Charlotte Mary Yonge’s ‘The Young Step-Mother’ - or ´A Chronicle of Mistakes´ - is a historical fiction novel that tells the story of the heroine, Albinia Ferrars, who leaves her happy home to marry Edmund Kendal, a widower fifteen years older than her.
She takes on the role of encouraging wife and stepmother to his three children, however, she quickly finds that other tasks and obstacles come her way.
Her husband has depression, his children are sickly, and those around the family are hostile to change. Albinia tackles all these problems without judgement and begins to believe things have improved, up until her stepchildren begin to fall in love, with disastrous results.
A novel to be enjoyed by fans of Louisa May Alcott’s ‘Little Women’ or Jane Austen’s novels, Yonge’s fiction has a subtle theme of moral teaching.

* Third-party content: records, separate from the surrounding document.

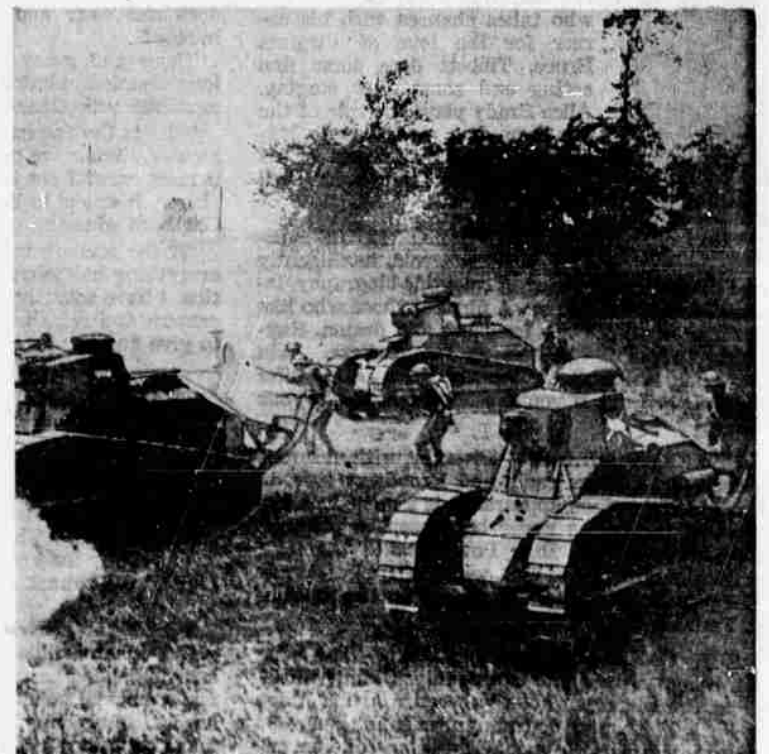
THE TANK, A COSTLY ARMORED MACHINE OF DESTRUCTION.
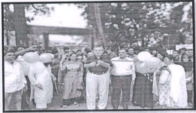
Inauguration of festival By Authority
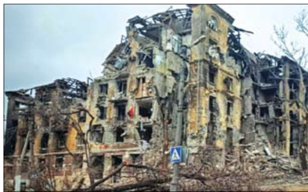
Prior to the Russian invasion of Ukraine in 2022, Mariupol was the 10th-largest city in Ukraine, with an estimated population of 425,681 people. During the Russian siege, the Red Cross described the situation in Mariupol as "apocalyptic."

The Cook County Treasurer's office is hosting a new photography exhibition called "MARIUPOL: Life on the edge of the apocalypse," at their downtown offices running through Aug. 25.
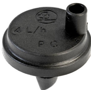
Agri Drip™ PC Dripper Barb 4 mm
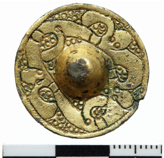
Figure 2. Gilded bronze miniature shield with elaborate decorations in Late Viking style, marked rim and protruding boss. Diameter 2.5 cm. Kirke Hyllinge, Zealand, Denmark.

Shields are depicted on picture stones and tapestries, although such depictions only provide us
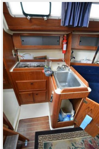
28 Pearson, Clean and Functional Galley
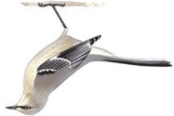
Mocking Bird ( Mimus polyglottos ) L 10" WS 14"

Short bill, small slightly stocky body, rounded wings, long tail, mostly gray with white patches on wing and tail, seen alone defending trees eating insects and fruit.
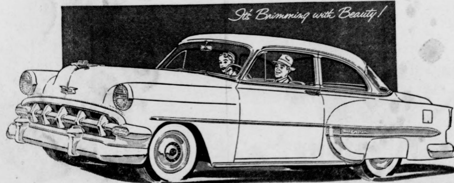
The new 1954 Chevrolet Bel Air 2-door sedan. With three great series, Chevrolet offers the most beautiful choice of models in its field.

Only the '54 Chevrolet gives you all these features at lowest prices!
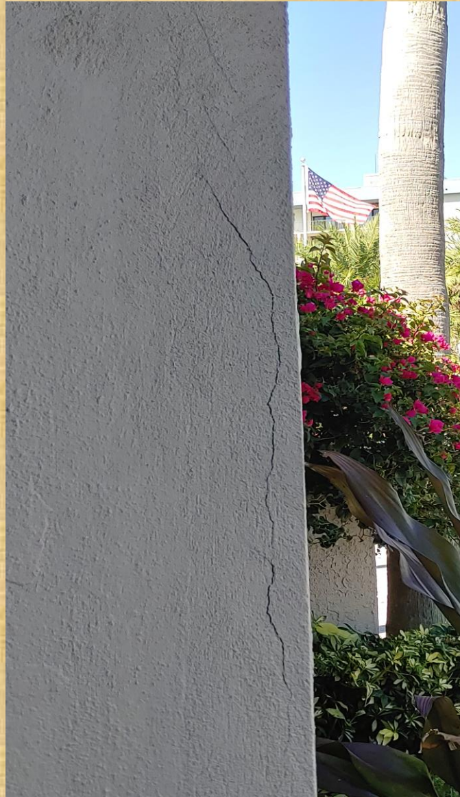
Exhibit 'G' – Entrance of Building II Garage - Recently Repaired Stucco is cracking.

Charlotte Mary Yonge (1823 - 1901) was a prolific and popular English novelist, biographer, editor, historian, essayist, and journalist. She is most famous for her novels which include ‘Heartsease’, ‘The Daisy Chain’, ‘The Young Stepmother’, and the commercially successful ‘The Heir of Redclyffe’ (1853).
Yonge was also a founder and editor for forty years of ‘The Monthly Packet’ magazine, while her book, ‘History of Christian Names’, is considered to be the first serious attempt at recording the subject. Profits from her books were often donated to charitable causes.